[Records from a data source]
####################
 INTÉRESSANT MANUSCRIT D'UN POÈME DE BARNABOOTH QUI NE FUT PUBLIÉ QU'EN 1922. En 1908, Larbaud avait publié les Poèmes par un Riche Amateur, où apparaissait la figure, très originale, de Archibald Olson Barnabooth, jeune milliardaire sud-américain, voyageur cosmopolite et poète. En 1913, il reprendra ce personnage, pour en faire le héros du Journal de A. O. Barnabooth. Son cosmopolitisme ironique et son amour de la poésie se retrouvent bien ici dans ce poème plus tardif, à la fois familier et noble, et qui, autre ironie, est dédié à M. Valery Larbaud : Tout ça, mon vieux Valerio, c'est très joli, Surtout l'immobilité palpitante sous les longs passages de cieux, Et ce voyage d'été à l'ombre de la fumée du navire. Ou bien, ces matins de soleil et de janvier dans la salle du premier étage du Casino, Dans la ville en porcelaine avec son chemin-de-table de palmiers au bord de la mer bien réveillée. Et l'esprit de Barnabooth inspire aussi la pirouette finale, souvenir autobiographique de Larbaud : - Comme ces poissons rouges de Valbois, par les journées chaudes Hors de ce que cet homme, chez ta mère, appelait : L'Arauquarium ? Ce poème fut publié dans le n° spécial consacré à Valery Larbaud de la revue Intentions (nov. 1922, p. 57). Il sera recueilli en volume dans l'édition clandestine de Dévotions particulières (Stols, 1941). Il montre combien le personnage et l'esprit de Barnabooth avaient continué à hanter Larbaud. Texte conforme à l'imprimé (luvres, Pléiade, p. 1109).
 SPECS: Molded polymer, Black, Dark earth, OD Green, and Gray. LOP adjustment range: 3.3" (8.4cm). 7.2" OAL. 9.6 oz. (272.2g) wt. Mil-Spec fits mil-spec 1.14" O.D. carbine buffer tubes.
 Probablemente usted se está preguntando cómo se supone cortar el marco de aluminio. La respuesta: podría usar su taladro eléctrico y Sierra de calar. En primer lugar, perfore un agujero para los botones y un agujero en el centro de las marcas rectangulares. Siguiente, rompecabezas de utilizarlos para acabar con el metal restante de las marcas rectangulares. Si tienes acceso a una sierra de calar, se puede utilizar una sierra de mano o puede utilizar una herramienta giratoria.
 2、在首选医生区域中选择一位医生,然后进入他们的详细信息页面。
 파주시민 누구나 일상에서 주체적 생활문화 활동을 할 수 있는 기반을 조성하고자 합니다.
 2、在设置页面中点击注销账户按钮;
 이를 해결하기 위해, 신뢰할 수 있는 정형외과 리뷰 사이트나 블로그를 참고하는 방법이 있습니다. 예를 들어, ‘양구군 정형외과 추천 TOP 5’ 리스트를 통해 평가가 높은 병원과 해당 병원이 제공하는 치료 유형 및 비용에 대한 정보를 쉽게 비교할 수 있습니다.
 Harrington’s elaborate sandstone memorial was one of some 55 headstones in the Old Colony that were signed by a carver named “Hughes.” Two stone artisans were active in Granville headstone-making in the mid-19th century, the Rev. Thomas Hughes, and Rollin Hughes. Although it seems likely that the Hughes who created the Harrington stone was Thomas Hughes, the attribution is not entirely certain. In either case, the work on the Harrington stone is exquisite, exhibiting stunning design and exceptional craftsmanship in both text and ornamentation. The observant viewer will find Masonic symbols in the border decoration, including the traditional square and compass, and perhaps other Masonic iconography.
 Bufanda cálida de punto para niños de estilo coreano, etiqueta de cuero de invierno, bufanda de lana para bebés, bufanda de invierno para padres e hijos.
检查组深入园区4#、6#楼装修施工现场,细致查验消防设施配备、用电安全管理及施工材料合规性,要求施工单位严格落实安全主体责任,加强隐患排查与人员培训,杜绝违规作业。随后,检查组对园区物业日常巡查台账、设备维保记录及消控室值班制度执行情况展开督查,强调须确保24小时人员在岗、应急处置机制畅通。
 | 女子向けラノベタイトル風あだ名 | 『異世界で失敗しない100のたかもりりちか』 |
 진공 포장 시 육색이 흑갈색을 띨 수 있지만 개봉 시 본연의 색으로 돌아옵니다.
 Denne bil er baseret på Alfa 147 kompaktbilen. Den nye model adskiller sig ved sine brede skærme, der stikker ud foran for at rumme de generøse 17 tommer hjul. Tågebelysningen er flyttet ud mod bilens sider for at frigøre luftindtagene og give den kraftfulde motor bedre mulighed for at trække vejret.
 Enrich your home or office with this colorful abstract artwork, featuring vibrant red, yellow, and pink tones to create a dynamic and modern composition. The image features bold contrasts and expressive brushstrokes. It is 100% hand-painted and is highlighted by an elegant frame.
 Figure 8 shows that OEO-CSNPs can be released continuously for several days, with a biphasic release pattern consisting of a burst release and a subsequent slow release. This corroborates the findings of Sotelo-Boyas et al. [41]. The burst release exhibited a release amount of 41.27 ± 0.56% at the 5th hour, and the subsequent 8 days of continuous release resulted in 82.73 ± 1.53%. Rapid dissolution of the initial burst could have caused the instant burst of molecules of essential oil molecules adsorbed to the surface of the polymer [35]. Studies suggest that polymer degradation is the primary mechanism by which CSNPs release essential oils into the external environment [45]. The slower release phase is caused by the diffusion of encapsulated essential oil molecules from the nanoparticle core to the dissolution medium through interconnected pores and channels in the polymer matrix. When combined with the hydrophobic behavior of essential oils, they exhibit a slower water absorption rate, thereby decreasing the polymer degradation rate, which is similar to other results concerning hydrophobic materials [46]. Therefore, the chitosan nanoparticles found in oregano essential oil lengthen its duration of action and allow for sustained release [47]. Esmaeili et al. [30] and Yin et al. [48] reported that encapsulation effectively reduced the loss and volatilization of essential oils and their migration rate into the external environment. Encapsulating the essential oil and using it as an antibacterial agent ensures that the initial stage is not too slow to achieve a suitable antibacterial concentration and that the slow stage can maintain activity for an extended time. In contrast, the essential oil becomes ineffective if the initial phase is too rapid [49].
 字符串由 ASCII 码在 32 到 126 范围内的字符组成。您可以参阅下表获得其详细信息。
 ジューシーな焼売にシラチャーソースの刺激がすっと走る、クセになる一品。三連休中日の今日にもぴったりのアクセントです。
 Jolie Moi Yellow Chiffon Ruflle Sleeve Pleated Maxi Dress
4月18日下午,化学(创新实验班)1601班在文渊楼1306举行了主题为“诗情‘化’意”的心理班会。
####################
Return exactly the lines from the line bearing "Jolie Moi Yellow" to the end of the records, inclusive of both; include no other lines.

 Jolie Moi Yellow Chiffon Ruflle Sleeve Pleated Maxi Dress
4月18日下午,化学(创新实验班)1601班在文渊楼1306举行了主题为“诗情‘化’意”的心理班会。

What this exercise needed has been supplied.